The algorithm used in the program is adapted from the usual algorithm that produces all unique $k$-combinations out of $U$ objects. Here is some explanation of the recursive method, static void printCombinations(int m, final int N, int startNumber, boolean[] used, int[][] subsetsHolder, int curSubset, int toFill).

That method prints all print all unordered partition of numbers starting from 0 inclusive to m * N exclusive into m subsets of size N, where

  • the first curSubset subsets have been specified by subsetsHolder[0:curSubset] and
  • the first N - toFill numbers in the current subset, subsetsHolder[curSubset] have been specified in subsetsHolder[curSubset][0:N - toFill] and
  • if toFill is not N, all unspecified numbers in subsetsHolder[curSubset] must be at least startNumber. If it is N, the first number in subsetsHolder[curSubset] must be the first unused number.

The parameter used records those specified numbers.
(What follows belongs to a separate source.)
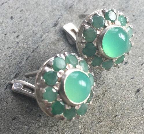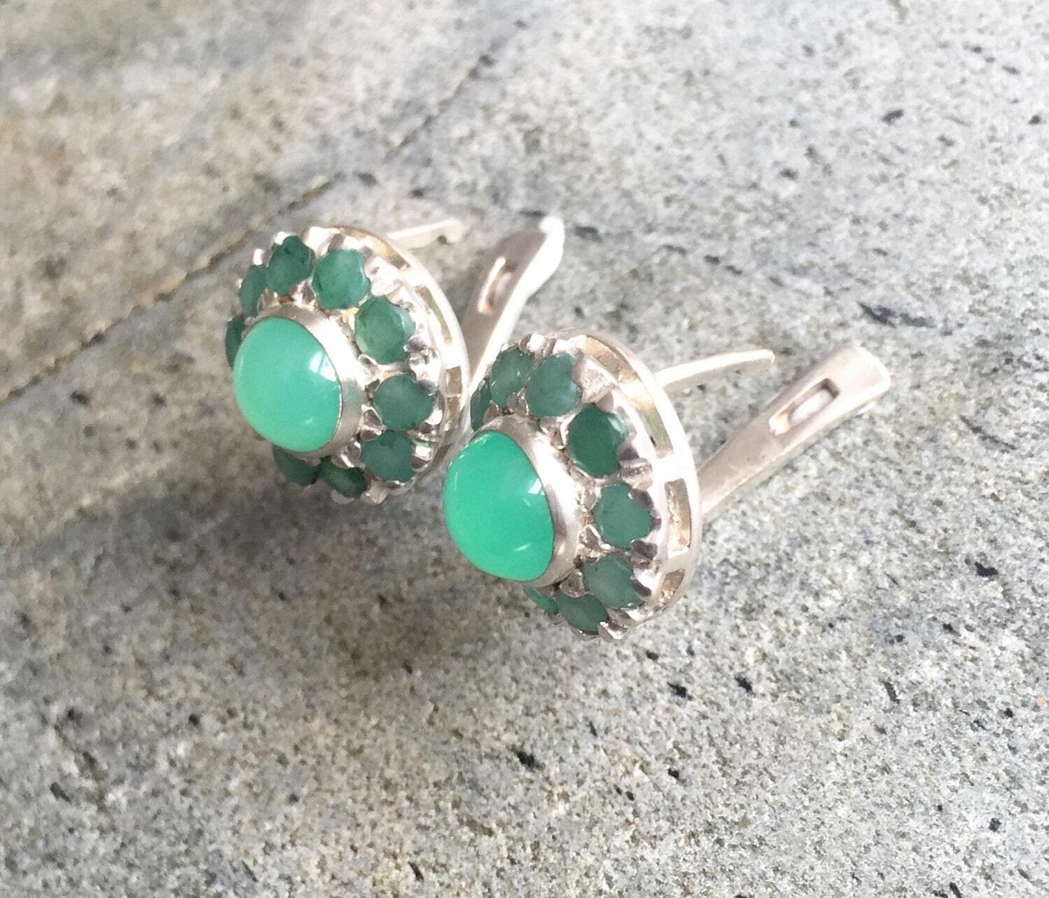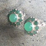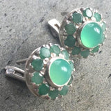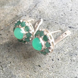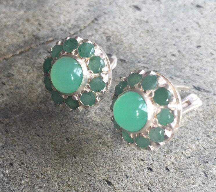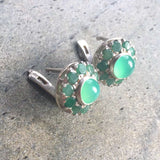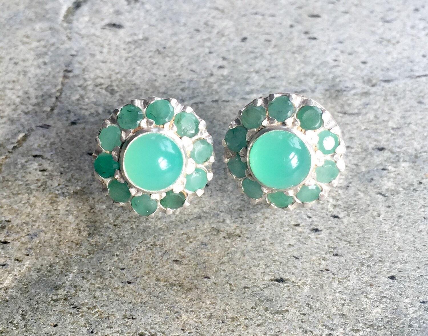 Emerald Earrings, Natural Emerald, Chrysoprase Earrings, Antique Earrings, Vintage Earrings, Natural Stones, Round Studs, Silver Earrings

Namely, used[i] is true iff i has been specified somewhere. It is a convenience argument to ease the coding.


The body of that method is, in fact, quite simple, thanks to the power of recursion.

It first checks if all N numbers of the current subset is waiting to be selected.

  • If yes, there are two cases.
    • If curSubset is m, we have arrive at a full combination. Print and return.
    • Else we will find the smallest unused number. It becomes the 0-th element of the current subset, i.e., subsetsHolder[curSubset][0]. Recurse to fill the next number in the current subset.
  • Otherwise,
    • If there is no more to fill the current subset, recurse to fill the next subset.
    • Else let the next smallest number in the current subset to iterate through all numbers starting at startNumber. Recurse to fill the next number in the current subset.

It is not hard to prove that the algorithm/program prints all wanted combinations once in the natural lexicographic order.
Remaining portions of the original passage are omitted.